Chapter 4
This chapter has been helpful in assisting me in understanding how a GIS maps density. Mitchell discusses how there are various ways in which density is mapped. There is defined area
density and density surfaces. Defined area density includes dot density mapping, in which the number of features represented by the dots is chosen by the analyst, as well as the location of the
dots inside the defined area. I learned that the final product can be greatly impacted by the choices the analyst makes, especially because the dots do not show the exact location of the
features. Shade density mapping is also included in defined area density and is greatly impacted by the classification methods. Quantiles and equal intervals, discussed in the first few chapters,
come into play again in this chapter, as they play an important role in the final product. However, density surfaces display the density differently because they create a surface based on the search radius from each point. I learned that the final product can be affected by the cell size because it can be coarse or smooth depending on the choices the analyst makes. Mitchell discusses how density surfaces can show subtle patterns that defined areas might not show, but they require extra work and care. I learned that the final product can be greatly impacted by the choices the analyst makes and that density surfaces require extra care. I also learned the importance of using the same classification methods when comparing multiple density maps. One thing that caught my attention is the importance that the analyst has in the final product, as their decisions may affect the final product to a large extent.
Questions:
1. When should a dot density map be used over a density surface?
3. How do the classification methods stop or create false density patterns?
Chapter 5
Chapter five discusses what is inside an area. Mitchell states that if the analysis is done on one area, the goal is usually to summarize or monitor what is going on inside the area. If the
analysis is done on several areas, the goal is to compare the amount or kind of information inside each of the several areas. There are three ways that this can be done: listing what is inside the
area, counting what is inside the area, and summarizing the attributes of what is inside the area. The third method involves adding up or averaging the attributes of the features inside the area.

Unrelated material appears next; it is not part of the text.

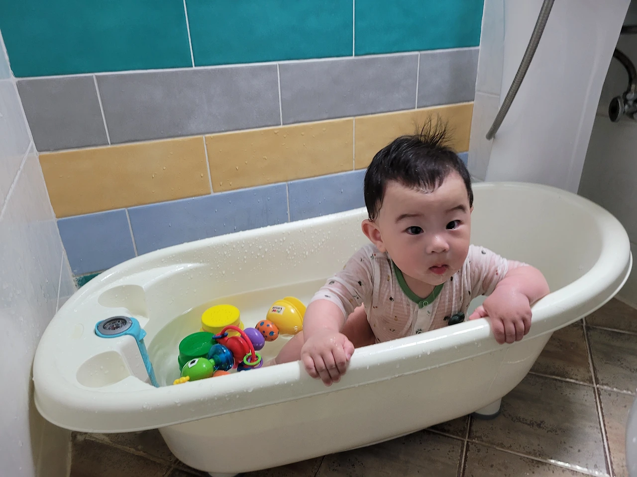 너무 어리둥절해서 샤워기로 헹구고 나와야겠다 싶어 넣어주니 또 장난감을 만지작 거리며 잘 노는 것이 아닌가! 이게 무슨 일인가 싶어 다친 데가 없는지 아기 몸을 이리저리 살펴보는데 너무 희한하게도 외상의 흔적은 없었다.
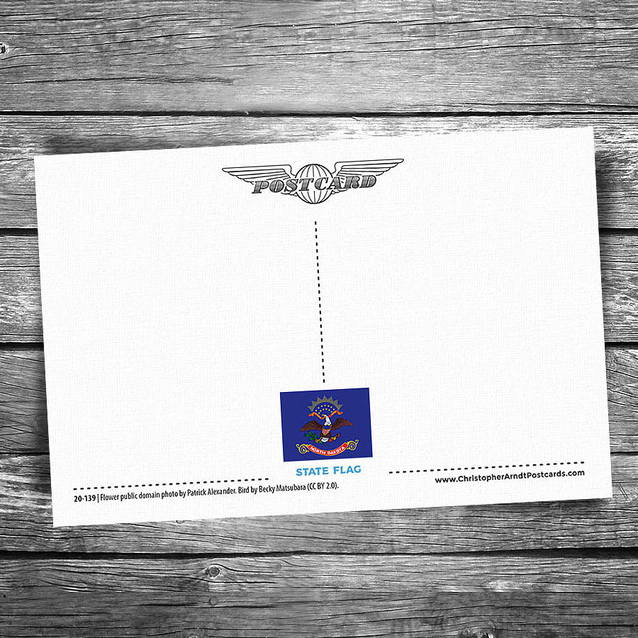 Large letter "Greetings From" North Dakota postcard featuring fun facts & trivia – plus the state flower, bird, and flag in a vibrant patriotic design.

One problem that Mitchell presents that I had never thought of before is how to determine whether or not to count features that are only partially inside the area. The second problem is
how the boundaries of the areas are represented. In some cases, the boundaries are represented with an outline, and in other cases, the interior of the area is shaded to help identify the area as a
whole. This, in my opinion, affects interpretation because, with the boundaries, the focus is on the separation, and with the shading, the focus is on the area as a whole. What I got from this chapter was the importance of consistency. For example, the boundaries, if one is represented differently from the other, then the two areas are not being compared fairly. Mitchell is able to
connect this chapter to the previous ones by showing the use of the concepts discussed in the future. This chapter has helped me understand that area analysis is simple but detailed, requiring
a lot of decisions.
Questions:
1. How do you determine whether partially included features should be included in an area?
2. What methods of mapping are best suited to represent the results of boundary-based analysis?
Chapter 6
Chapter six of the book discusses how GIS solves the problem of what is near a feature. This is another important problem that occurs in spatial analysis. In this chapter, Mitchell
explains that there are three different ways of measuring what is near a feature. One way is by straight line distance. This is the simplest method to use, but it is not always realistic since it
does not take into consideration any obstacles that may be encountered along the way. The second way is network distance. This is more realistic since it considers what path one has to
follow. The third one is cost over a surface. This is more advanced since it considers many different factors that may influence movement. The path that one has to follow may be difficult
even though it is straight. There are also buffers, which are used to define what is near a feature by creating a buffer around a feature and defining what is a certain distance away. Buffers can
be used to represent distance, time, or cost, depending on the analysis. The reminder about using planar versus geodesic distance was important to me because it is crucial for obtaining accurate results. Smaller areas can be analyzed using planar methods because the curvature of the Earth is insignificant, but as the area gets larger, it is crucial to use distance to obtain results that accurately represent the Earth’s curved surface. Another topic that Mitchell reviews is earlier concepts such as counting or summarizing features within zones, demonstrating how each
chapter builds on the previous one. What stood out to me is how proximity analysis, although simple at first, can become complex depending on the real-world situation. Different issues call
for different approaches, and if the wrong one is used, it could lead to the misrepresentation of the level of nearness of something. This also made me think of how easy it is to misrepresent the
distance between two points on a map if one does not take into consideration the real situation.
Questions:
1. When is straight-line distance sufficient to be used on its own?
2. How do buffers change depending on the units used, such as distance, time, or cost?